SUPPLIED INFORMATION:
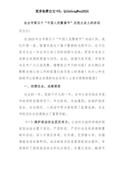 【七哥公文】2025年:在全市第五个“中国人民警察节”庆祝大会上的讲话+更多免费公文+VX:QiGeGongWen2024+更多免费公文+VX:QiGeGongWen2024
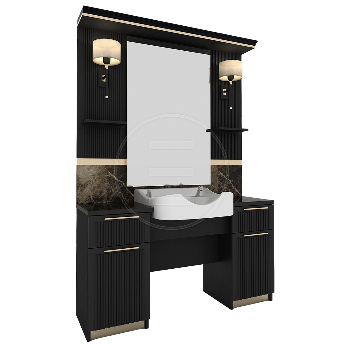 Decorul cu membrana neagra și benzile elegante de margine din inoxidabil auriu ofera un aspect modern, maximizand in acelasi timp functionalitatea. Chiuveta speciala pentru *barbering* ofera cel mai potrivit spațiu de lucru pentru frizeri prin designul sau spatios.
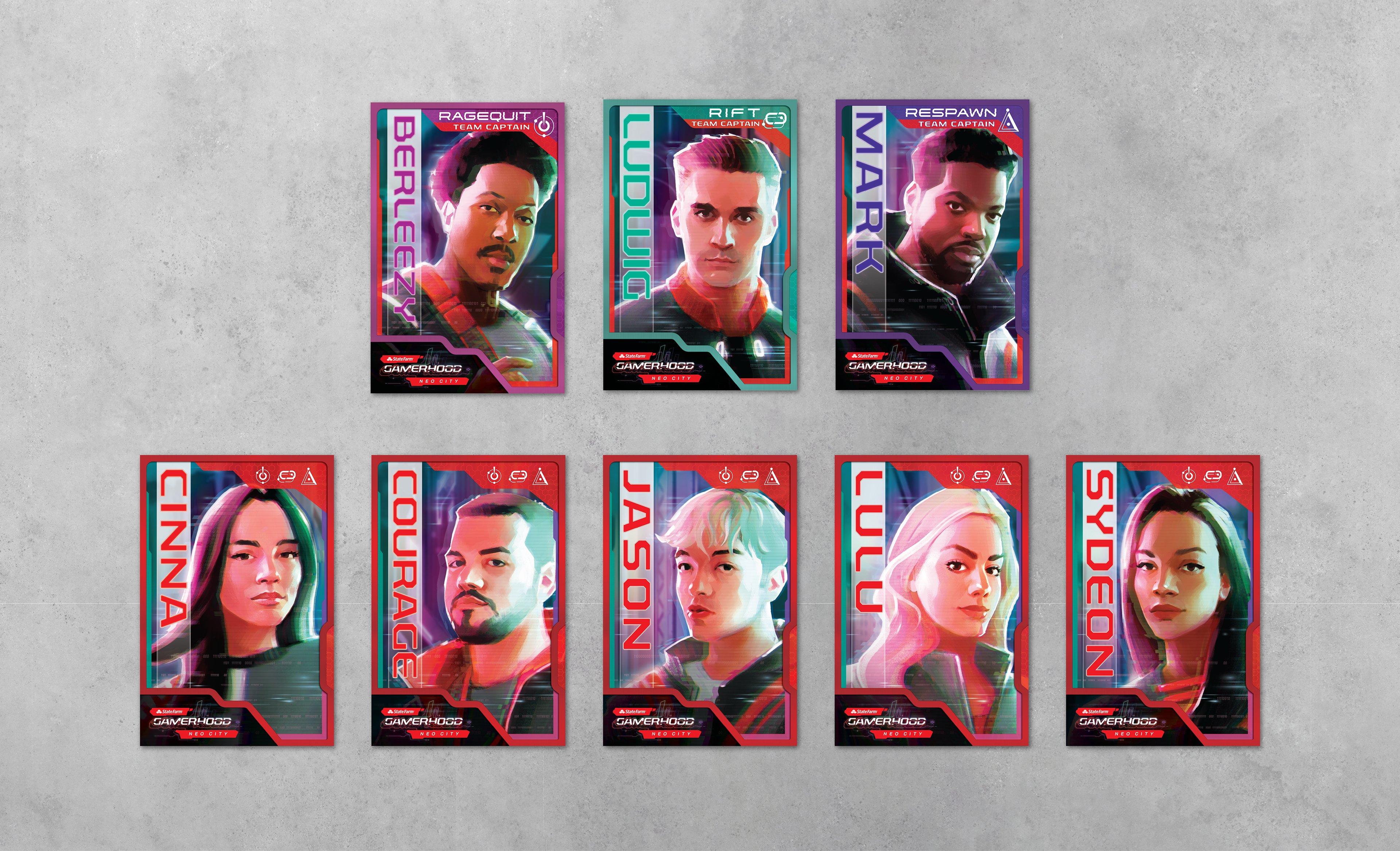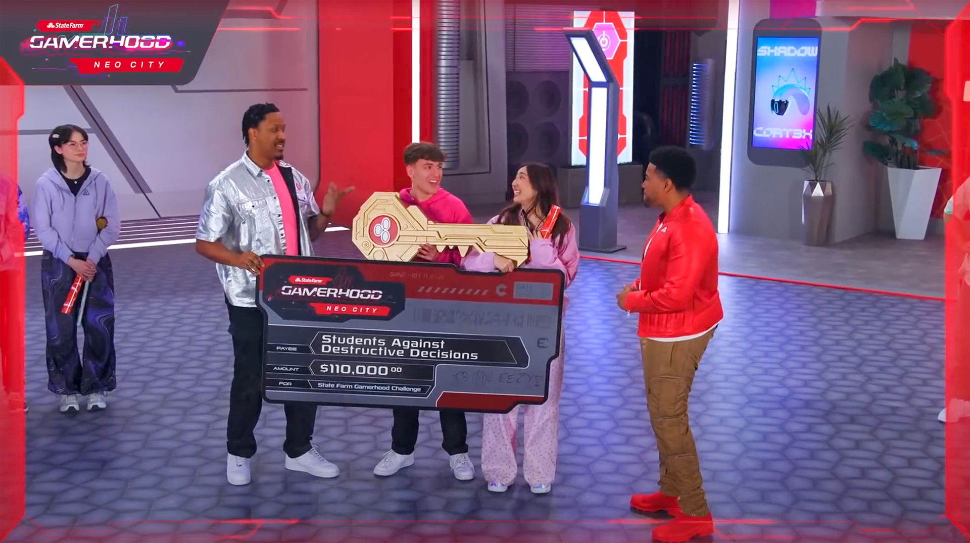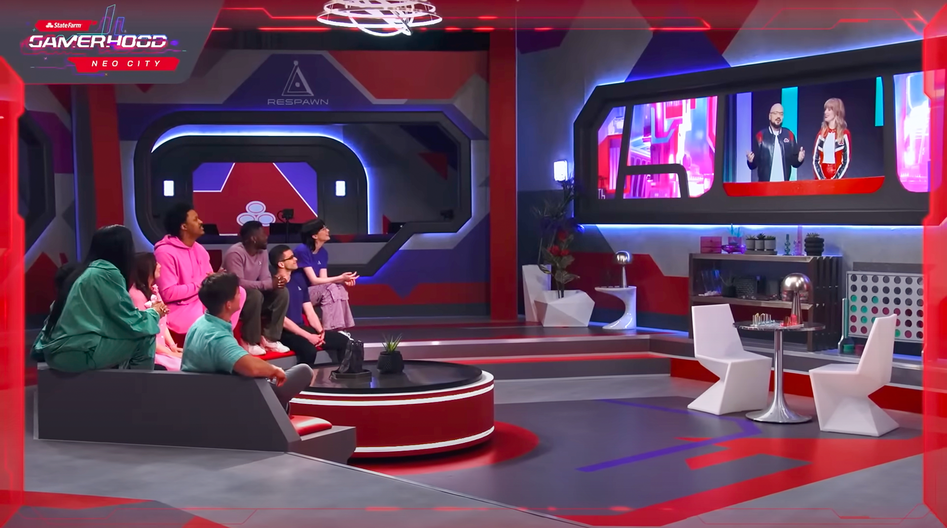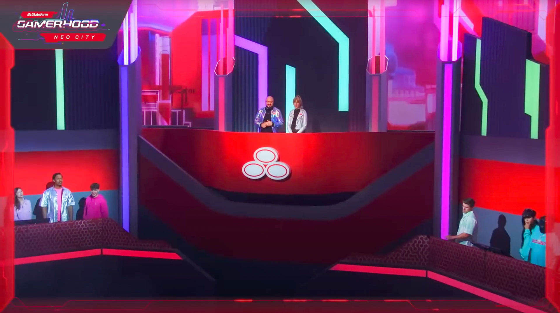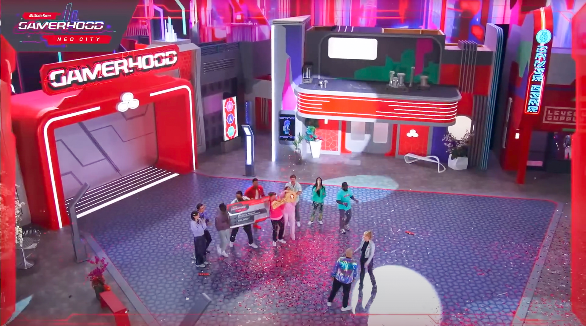 A game show produced by Infinity Marketing Agency for State Farm Insurance for audiences on Twitch and YouTube. Gamers, influencers and celebrities entered the Neo City, a futuristic, cyberpunk gaming arena to compete to win the key to the city and a check for a non-profit of their choice. Every wall and surface was skinned with graphics and digitally created textures.

GOAL OF THE EXERCISE: Where the material above includes pictures, omit them and retype everything else exactly.

ANSWER TO THIS EXERCISE:
 【七哥公文】2025年:在全市第五个“中国人民警察节”庆祝大会上的讲话+更多免费公文+VX:QiGeGongWen2024+更多免费公文+VX:QiGeGongWen2024
 Decorul cu membrana neagra și benzile elegante de margine din inoxidabil auriu ofera un aspect modern, maximizand in acelasi timp functionalitatea. Chiuveta speciala pentru *barbering* ofera cel mai potrivit spațiu de lucru pentru frizeri prin designul sau spatios.
 A game show produced by Infinity Marketing Agency for State Farm Insurance for audiences on Twitch and YouTube. Gamers, influencers and celebrities entered the Neo City, a futuristic, cyberpunk gaming arena to compete to win the key to the city and a check for a non-profit of their choice. Every wall and surface was skinned with graphics and digitally created textures.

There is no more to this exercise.